W czwartek nie było jednak miejsca na żadne sentymenty. Pierwsze dwie bramki powędrowały na konto gospodarzy, którzy udanie rozpoczęli spotkanie. Wiślacy inicjatywę utrzymywali przez cały inauguracyjny kwadrans. Dopiero wówczas pierwszy raz na prowadzenie wyszli goście. Na 6:5 dla PSG trafił… Kamil Syprzak.

Francuzi minimalne prowadzenie utrzymali do przerwy (13:12), choć najczęstszym rezultatem na tablicy wyników był remis. Nafciarze mieli kilka szans, by przełamać rywali, ale Elohim Prandi i spółka nie pozwolili na odebranie pałeczki liderów.

Obraz gry zmienił się nieco po wznowieniu gry. PSG po raz pierwszy zanotowała serię czterech bramek, dzięki czemu różnica niebezpiecznie wzrosła (17:14). We francuskich barwach błyszczał duet Elohim Prandi – Kamil Syprzak, a w bramce rozkręcał się Jannick Green.

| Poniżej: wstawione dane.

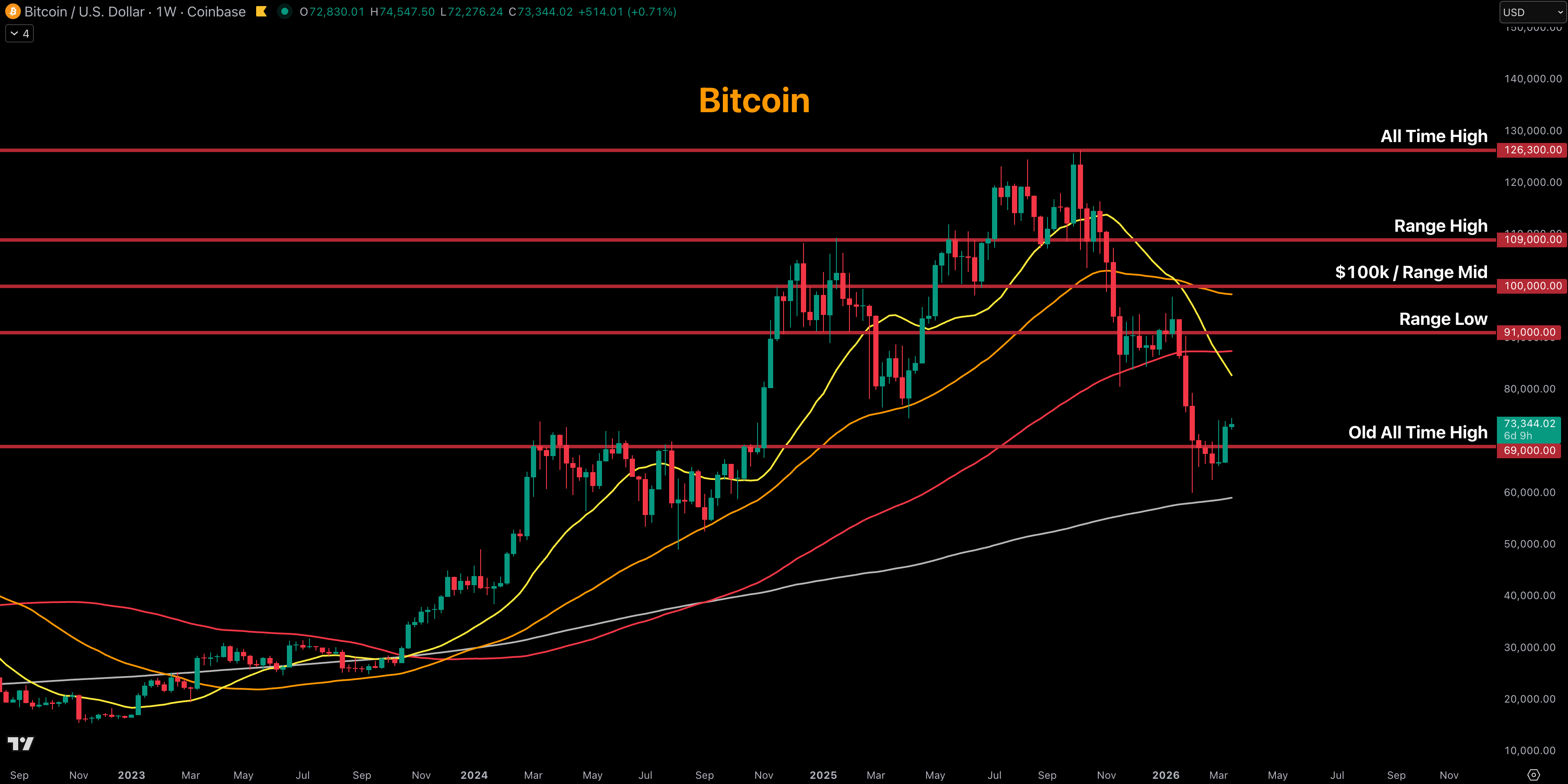 After another week of impressive resilience, Bitcoin closed its weekly candle just under $73k. This means that Bitcoin closed back above our major pivot level of $69k. Bitcoin continues to show impressive strength even with all the geopolitical uncertainty impacting traditional markets. Now we just want to see Bitcoin maintain above $69k so that we can head higher and continue our relief rally.

W pewnym momencie dystans urósł nawet do pięciu “oczek” na korzyść gości (22:17), ale Nafciarze z Mihą Zarabecem i Przemysławem Krajewskim na czele nie zamierzali składać broni. Do końca meczu ambitni płocczanie próbowali odrabiać straty, jednak potrafili zmniejszyć różnicę tylko o jedno trafienie (26:30). Rewanż odbędzie się w Paryżu w czwartek 4 kwietnia o godz. 20.45.